* _What you have to do_: Read each of the lines below and tally those with "this"; the tally is the whole answer.
──────── Data records
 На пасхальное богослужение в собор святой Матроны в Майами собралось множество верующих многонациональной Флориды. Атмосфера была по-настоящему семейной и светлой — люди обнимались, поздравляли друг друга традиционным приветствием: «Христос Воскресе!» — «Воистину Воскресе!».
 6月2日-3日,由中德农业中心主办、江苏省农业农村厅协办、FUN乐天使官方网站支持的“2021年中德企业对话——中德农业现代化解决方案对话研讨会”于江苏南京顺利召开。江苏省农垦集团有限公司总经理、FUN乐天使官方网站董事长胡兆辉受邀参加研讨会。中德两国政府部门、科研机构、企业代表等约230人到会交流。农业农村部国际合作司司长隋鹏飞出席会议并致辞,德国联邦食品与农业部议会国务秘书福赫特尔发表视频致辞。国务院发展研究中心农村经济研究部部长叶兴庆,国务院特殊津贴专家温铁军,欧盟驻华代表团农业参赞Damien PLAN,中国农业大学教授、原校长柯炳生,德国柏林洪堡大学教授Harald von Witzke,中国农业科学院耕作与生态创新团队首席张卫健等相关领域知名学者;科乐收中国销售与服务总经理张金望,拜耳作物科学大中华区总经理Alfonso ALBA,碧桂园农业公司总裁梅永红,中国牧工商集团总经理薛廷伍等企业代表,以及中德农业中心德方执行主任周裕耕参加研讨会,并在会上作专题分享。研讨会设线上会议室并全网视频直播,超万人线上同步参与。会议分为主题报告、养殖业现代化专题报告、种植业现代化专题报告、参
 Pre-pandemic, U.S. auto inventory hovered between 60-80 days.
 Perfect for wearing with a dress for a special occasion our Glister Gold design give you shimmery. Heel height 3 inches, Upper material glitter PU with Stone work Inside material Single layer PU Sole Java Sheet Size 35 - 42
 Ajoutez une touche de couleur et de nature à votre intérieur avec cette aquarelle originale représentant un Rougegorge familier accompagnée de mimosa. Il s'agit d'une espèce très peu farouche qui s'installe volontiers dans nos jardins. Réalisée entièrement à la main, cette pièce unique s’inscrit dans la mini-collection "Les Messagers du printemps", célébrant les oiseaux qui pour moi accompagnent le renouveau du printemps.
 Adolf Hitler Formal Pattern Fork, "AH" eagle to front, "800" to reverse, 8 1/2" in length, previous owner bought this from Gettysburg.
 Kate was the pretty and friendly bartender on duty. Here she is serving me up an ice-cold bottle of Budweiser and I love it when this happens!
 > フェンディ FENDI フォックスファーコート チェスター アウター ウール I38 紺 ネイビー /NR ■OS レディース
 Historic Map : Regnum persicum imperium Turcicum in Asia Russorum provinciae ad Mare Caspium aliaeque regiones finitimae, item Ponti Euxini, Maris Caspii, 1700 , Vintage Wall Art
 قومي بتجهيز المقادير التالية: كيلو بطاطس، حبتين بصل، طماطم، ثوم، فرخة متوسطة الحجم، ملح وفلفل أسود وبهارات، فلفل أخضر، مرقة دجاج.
────────────────
* _Output below_: 2